An object with a mass of 2.489x10^1 kg is subjected to a force of 4.8124x10^2 N directed at an angle of 2.819x10^1 degrees from the x axis. A second force of 2.84529x10^3 N acting in the negative X directions is also applied to the object. To two significant figures what is the net acceleration in the X direction?
see the other post in the y direction.
To find the net acceleration in the X direction, we need to calculate the x-component of each force.

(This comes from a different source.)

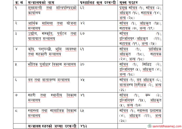 मन्त्रालयहरुमा दरबन्दी कटौति गरेर प्रस्तावित नयाँ दरबन्दी ।
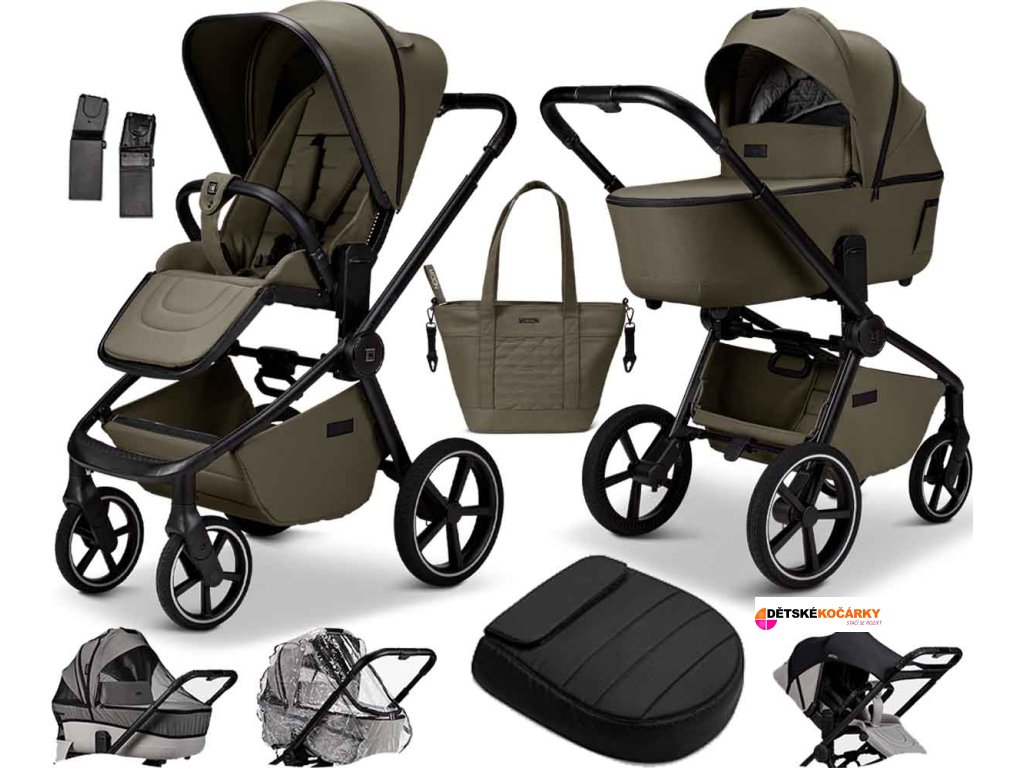 Set obsahuje: podvozek MOON Resea 2.0 + sportovní sedačku + hlubokou korbu + adaptéry pro usazení autosedačky + pláštěnku + moskytiéru + sluneční clonu + nánožník na sportovní sedačku ve variantě Black + přebalovací tašku v designu kočárku

We can then sum up the x-components to find the net acceleration.
First, let's find the x-component of the force at an angle:
F_x = F * cos(theta)
where F is the magnitude of the force and theta is the angle with respect to the x-axis.

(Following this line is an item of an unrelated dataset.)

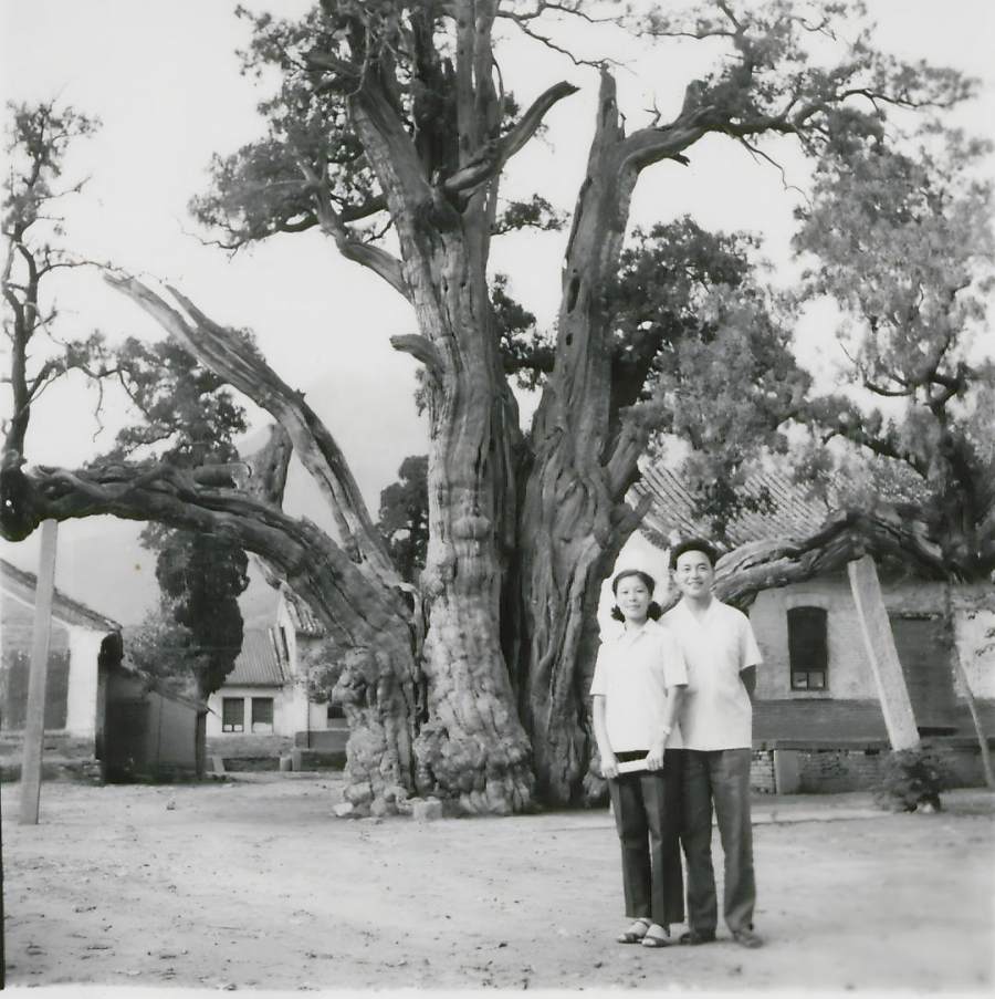虬枝傲雪凝成铁骨 翠柏凌云唤醒古魂——张国臣和王素珍同学考察汉武帝钦封“二将军柏”(1980年 董焕德摄)

Plugging in the values given:
F_x = 4.8124x10^2 N * cos(2.819x10^1 degrees)
Now, let's find the x-component of the second force:
F2_x = -2.84529x10^3 N (negative because it is in the negative X direction)
Now we can find the net acceleration:
Net acceleration in the x-direction = (Sum of x-components of forces) / mass
Net acceleration = (F_x + F2_x) / mass
Substituting the values we calculated:
Net acceleration = (4.8124x10^2 N * cos(2.819x10^1 degrees) - 2.84529x10^3 N) / (2.489x10^1 kg)
Calculating this expression will give us the net acceleration in the X direction.